Task to complete — Write out word for word the lines from the one holding "Pre-owned and in" through the end of the data, and only those lines. Pictures stay out.
Top of Provided material
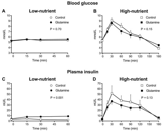 There was no significant difference in baseline (t = −2 min) plasma insulin on the four days–low-nutrient (without glutamine: 3.1 ± 0.62 mU/L, with glutamine: 4.3 ± 1.1 mU/L; p = 0.27) and high-nutrient drinks (without glutamine: 3.4 ± 0.49 mU/L, with glutamine: 3.7 ± 0.67 mU/L; p = 0.56).
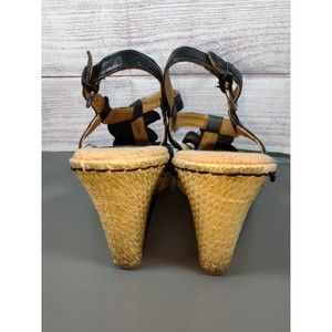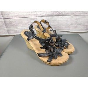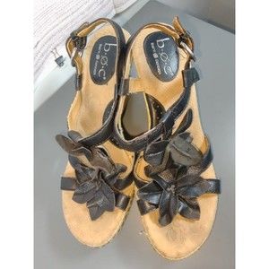 Pre-owned and in very good condition. b.o.c. Born Concept black wedge heel sandals. Leather upper, stacked wooden heels. Straps around ankle. Normal signs of wear on the instep and bottom soles. Buckles on each shoe works great. No signs of excessive wear. Weaving is all intact with no snags or breaks on each heel. All leather flowers and straps are in great condition.
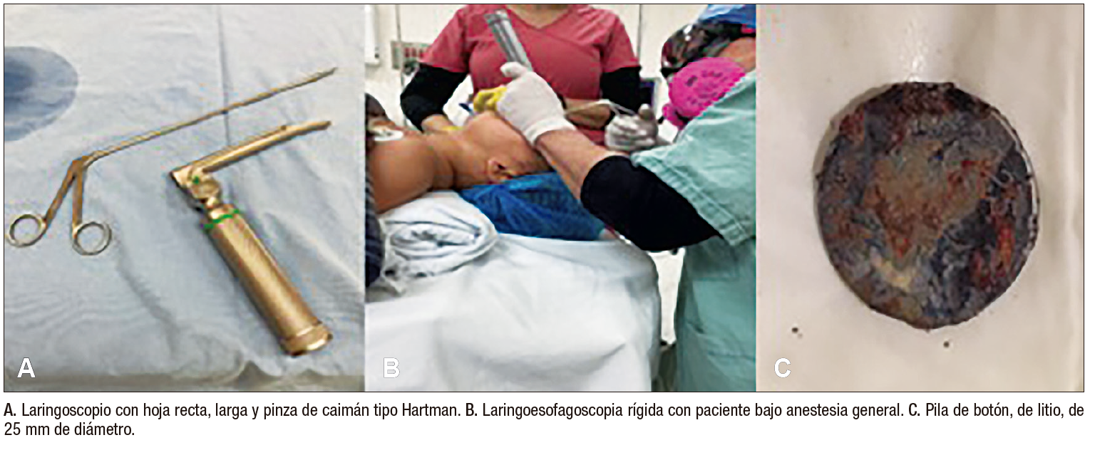utilizando un laringoscopio con hoja recta larga y una pinza de caimán tipo Hartman, lográndose su extracción al
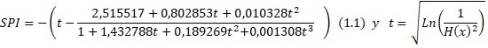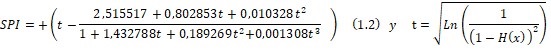 Si H(x) ≤ 0,5 en (1.1) la fórmula del SPI lleva signo menos y el SPI será negativo:
Bottom of Provided material
Output for this task —
 Pre-owned and in very good condition. b.o.c. Born Concept black wedge heel sandals. Leather upper, stacked wooden heels. Straps around ankle. Normal signs of wear on the instep and bottom soles. Buckles on each shoe works great. No signs of excessive wear. Weaving is all intact with no snags or breaks on each heel. All leather flowers and straps are in great condition.
utilizando un laringoscopio con hoja recta larga y una pinza de caimán tipo Hartman, lográndose su extracción al
 Si H(x) ≤ 0,5 en (1.1) la fórmula del SPI lleva signo menos y el SPI será negativo:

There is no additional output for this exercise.